- Church: Episcopal Church
- Diocese: Texas
- Elected: May 12, 1995
- In office: 1995-2003

Orders
- Ordination: 1968
- Consecration: September 9, 1995 by Edmond L. Browning

Personal details
- Born: March 11, 1941 Havana, Cuba
- Died: October 15, 2003 (aged 62) Houston, Texas, United States
- Buried: St. John the Divine, Houston
- Denomination: Anglican
- Spouse: Aida
- Children: 2

= Leopoldo J. Alard =

American bishop

Leopoldo Jesus Alard (March 11, 1941 - October 15, 2003) was an American bishop. He was suffragan bishop of the Episcopal Diocese of Texas from 1995 to 2003.

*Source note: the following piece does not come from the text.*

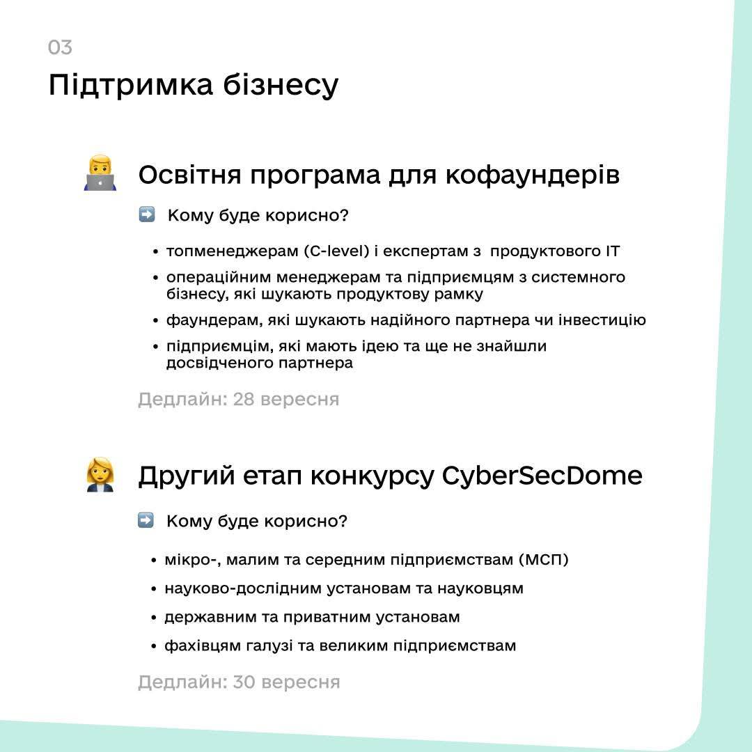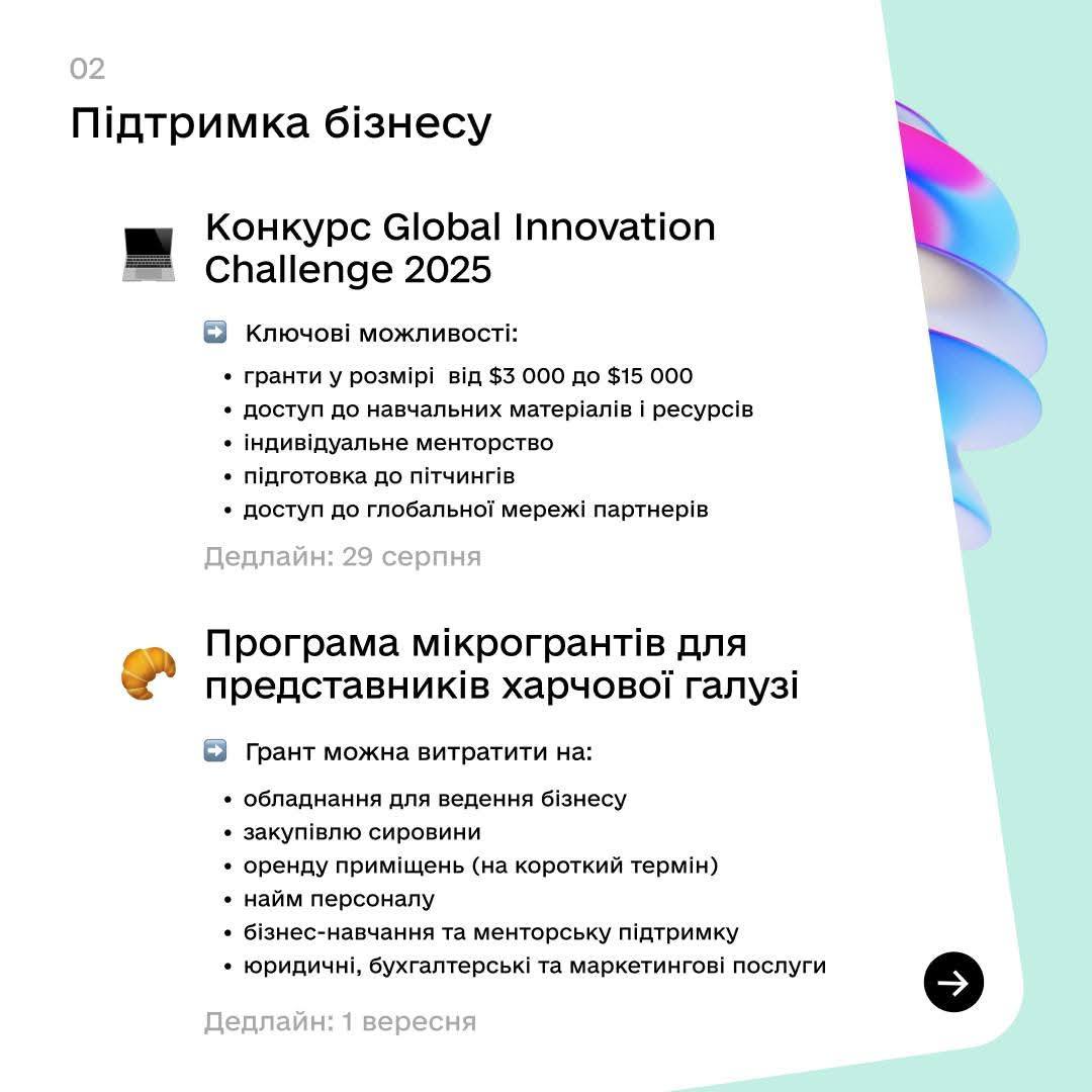 🔹 **Гранти та конкурси з фінансування:** Для підтримки інноваційних проєктів, стартапів та розширення існуючого бізнесу регулярно оголошуються грантові програми та конкурси. Ці можливості фінансування від державних та міжнародних фондів можуть стати вирішальними для запуску нових продуктів, виходу на нові ринки або модернізації виробництва. Платформа Дія.Бізнес регулярно оновлює інформацію про актуальні конкурси та умови участі.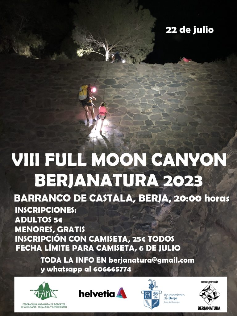 A un solo mes de la celebración de la octava edición del Full Moon Canyon Berjanatura 2023 los organizadores recuerdan que las inscripciones para participar en este encuentro ya clásico de barranquismo del calendario de la FADMES se encuentran abiertas.

==Early life and education==
Alard was born on March 11, 1941, in Havana, Cuba. His great-grandmother was a founding member of the Episcopal Church of Cuba. In 1961, he and his family fled Cuba and sought sanctuary in the United States. He studied at Stetson University and graduated with a Bachelor of Arts degree in history, and later at the Episcopal Theological Seminary of the Caribbean in Puerto Rico from where he graduated with a Master of Divinity degree in 1967. He also studied in Switzerland and at the University of the South. He was awarded an honorary doctorate from the Seminary of the Southwest in 1996 and another from the University of the South in 2000.

==Ordained ministry==
Alard was ordained a deacon in 1967 and priest in 1968. He then became vicar of St Mark's Church in Chattahoochee, Florida, while in 1972 he became the rector of St John's Church in Homestead, Florida. In 1986 he was appointed as canon for Hispanic ministries and director of the Center for Hispanic Ministries of Province VII. In 1995 he also became canon for multicultural ministries in the Diocese of Texas.

==Bishop==
On May 12, 1995, Alard was elected Suffragan Bishop of Texas and he was consecrated on September 9, 1995, with Presiding Bishop Edmond L. Browning as chief consecrator at the chapel of Episcopal High School in Houston. He was the first Hispanic to be elected bishop in the Episcopal Church within the United States. His episcopacy is noted for his role in representing the church to the Latino community and for his support for the ordination of women. In July 2003, he was placed in intensive care after suffering from liver disease for numerous months and resigned as suffragan bishop. On October 15, 2003, Alard died while awaiting a liver transplant. His funeral was held on October 25 at Christ Church Cathedral.